Ее губы коснулись моих, ее язык нежно обвел нижнюю губу, прежде чем скользнуть мне в рот. Не разрывая объятий, я оторвал ее от пола, и ярость и безумие оставили меня, как кровь, вытекшая из свежей раны. На их месте осталась простая красота страсти двух напуганных и одиноких людей, изливающих свою скорбь, разменивающих ее на нежность, на надежду оказаться в безопасности, быть желанными и любимыми, нужными без всяких условий и границ, пусть даже ненадолго.
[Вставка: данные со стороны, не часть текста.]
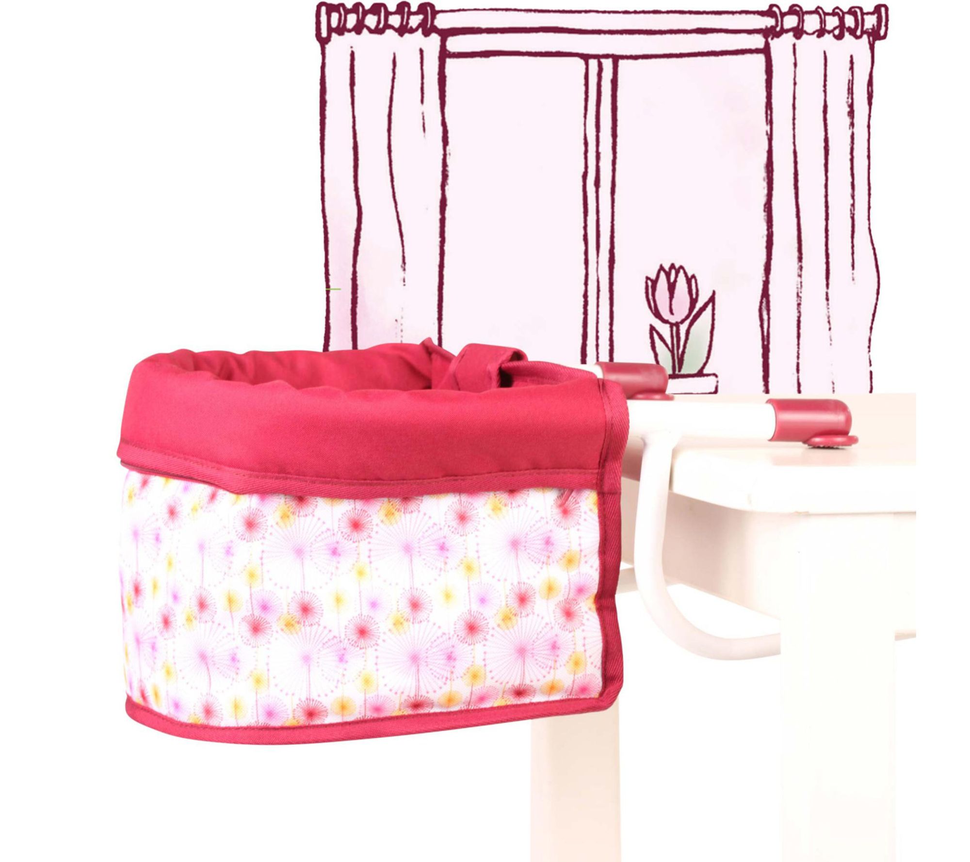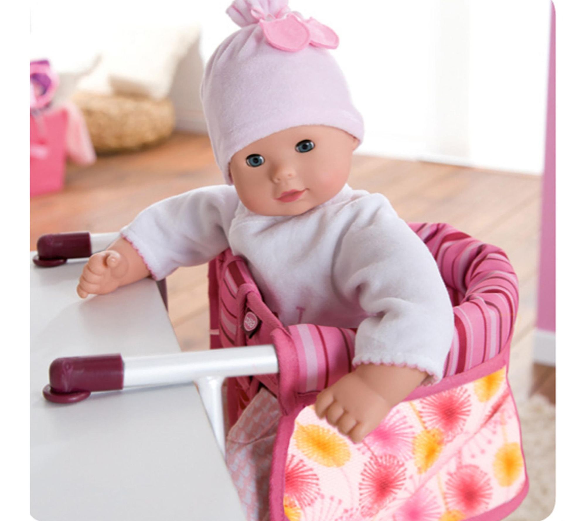Your little one's baby doll can join every family meal with this charming doll table seat, featuring a cheerful pink floral and striped design. Soft padding brings extra comfort to playtime, while the sturdy frame lets dolls up to 19 inches sit securely at the table for snack sessions, pretend picnics, or imaginative gatherings. From Gotz.

И в эту самую секунду я подумал о Тони. Но когда Клаудия обвила меня руками и ногами, мысль отступила, оставив только нас двоих.
Наедине, во мраке.
Глава 31
Я познакомился с Тони в старшей школе и тут же решил, что она самая красивая и нежная девушка в целом свете. Даже в подростковом возрасте мы были довольно циничными, и мгновенная и зачастую непомерная любовь, что мы почувствовали друг к другу, удивила меня. Но как у большинства пар, что знакомятся и остаются вместе в старшей школе, наши отношения были невероятно пылкими. Все восторги были особенно восторженными, горести – особенно горькими: типовой бурный роман. И вскоре после школы перед нами встал непростой выбор. Либо мы остаемся вместе и женимся, либо идем каждый своей дорогой, проверяя на прочность наши отношения и, в конечном итоге, самих себя. По нашим представлениям, если наша любовь истинная и ее существование предрешено, мы будем вместе так или иначе. И, как бы мучительно это ни было, мы решили, что лучше всего будет расстаться и какое-то время встречаться с другими людьми. Кто бы мог подумать, что через три года мы снова окажемся вместе, обручимся и поженимся годом позже. Находясь в разлуке, мы оба встречались и спали с другими людьми, но с момента обручения у меня была только Тони.
Встретив Клаудию, я и не подозревал, что в конце концов мы окажемся в одной постели. До этой ночи я ни о чем подобном даже не думал, ничего такого не желал; и, подозреваю, она чувствовала то же самое. Но в итоге мы оказались вместе. И кроме вины и сожалений в нашей близости, возникшей на краткое время среди фантастического мира демонов и кошмаров, как оазис в пустыне теней, были и острота ощущений, неподдельная чувственность и искреннее влечение.